BubbleFreak Posted May 14, 2010 Posted May 14, 2010 I wonder if the 4 mile hike has something to do with getting you somewhere secluded and away from other people... in that case maybe suggest a short roadtrip instead. Bring pepper spray (just in case).
D-Lish Posted May 14, 2010 Posted May 14, 2010 I'd just tell him you had your heart set on exploring the market and strolling the city and suggest the hike for another day. If he is understanding, that's a good sign. It's never a good sign when someone pushes their agenda on you despite hearing "I don't wish to do that". Is it possible he's just trying to think of something to do that makes the date longer?
Author Pink Cupcakes Posted May 14, 2010 Author Posted May 14, 2010 Wow, Bubblefreak and D-Lish bring up good points. I feel I already offered a compromise "2-mile" hike after he asked ME what I wanted to do. My other option is to show up at the Farmers Market with cute shoes saying my hiking clothes/shoes are in the car then afterward "oops! I forgot my hiking clothes and shoes! Sorry! Guess we'll have to do something else while we're here" (I live an hour away from this city so it's not like I can just jot back home and get my hiking shoes.)
BubbleFreak Posted May 14, 2010 Posted May 14, 2010 Wow, Bubblefreak and D-Lish bring up good points. I feel I already offered a compromise "2-mile" hike after he asked ME what I wanted to do. My other option is to show up at the Farmers Market with cute shoes saying my hiking clothes/shoes are in the car then afterward "oops! I forgot my hiking clothes and shoes! Sorry! Guess we'll have to do something else while we're here" (I live an hour away from this city so it's not like I can just jot back home and get my hiking shoes.) Ah true, you did already compromise, but he still pushed his idea. No no, I don't think you should pretend to have forgotten the hiking clothes. Just be honest with him that you just didn't want to go on a 4 mile hike so soon into the relationship. If he is decent he will understand. Maybe ask him why he is so intent on the idea though.

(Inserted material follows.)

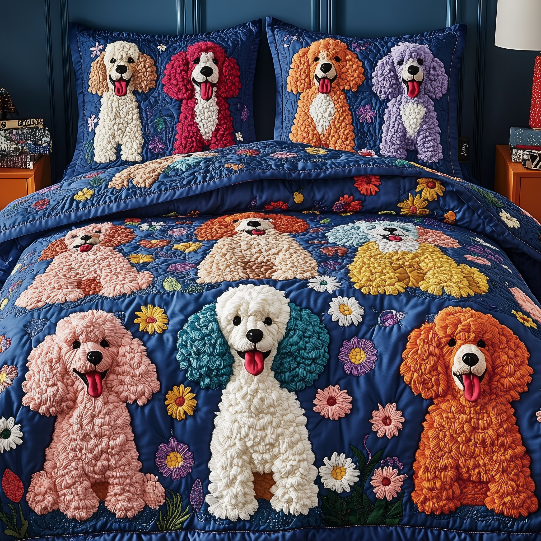 Floral Poodle Quilted Bedding Set Christmas Bedding Set Christmas Gifts For Newlyweds

marsle85 Posted May 14, 2010 Posted May 14, 2010 This is what you do. Look for events on the same day as your date. Find something you would both mutually like and call him excitedly saying: "oh. my. goshhh! I just found out that my favorite "so and so" is coming to town on "such an such a day" I knoww we have plans for this on "this day," but could we do that next time? I have a feeling you'd really like this..."
youaretheone Posted May 14, 2010 Posted May 14, 2010 Just tell him you have HCM and you will collapse in the middle of the hike! Joking. Tell him what you think. Communication is the essential part of a relationship. You don't have to come up with an excuse. You might as well offer an alternative and less tiresome idea to do after the market thing to make things easier. If he insists, understand that he will do it again in the future, when you become a gf-bf material.
Author Pink Cupcakes Posted May 14, 2010 Author Posted May 14, 2010 Thanks, everyone! I did Facebook him after I posted on here and reiterated to him I didn't think I was up for a long hike but maybe a short one or just a walk. He messaged back today and said "Hey, as far as I'm concerned we don't have to do a hike at all. Call you tomorrow." So he totally backed off the 4-mile hike, even though he was pushing it before. I will definitely check out other events going on to offer some fun things to do we might both like! That was a great suggestion!